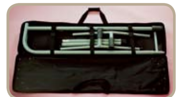
Folds nicely away
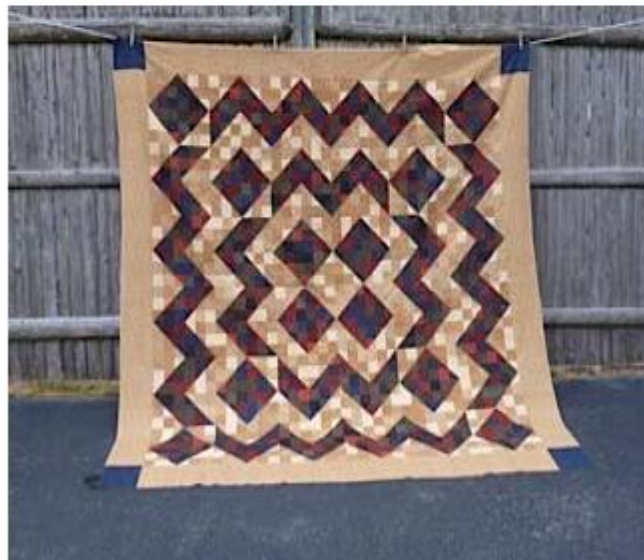
Tickets $1 each or a book of 6 for $5
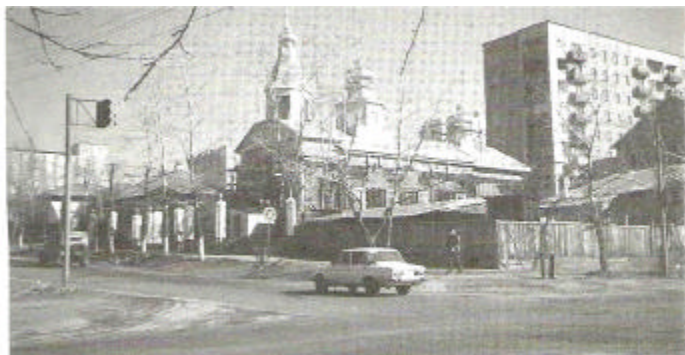
The old Ss. Peter and Paul Catholic church, built in 1898 with Orthodox roof and cupolas.

#### Work item:
The data is to be returned exactly as it stands, pictures aside.

#### Reply to the exercise:
Folds nicely away
Tickets $1 each or a book of 6 for $5
The old Ss. Peter and Paul Catholic church, built in 1898 with Orthodox roof and cupolas.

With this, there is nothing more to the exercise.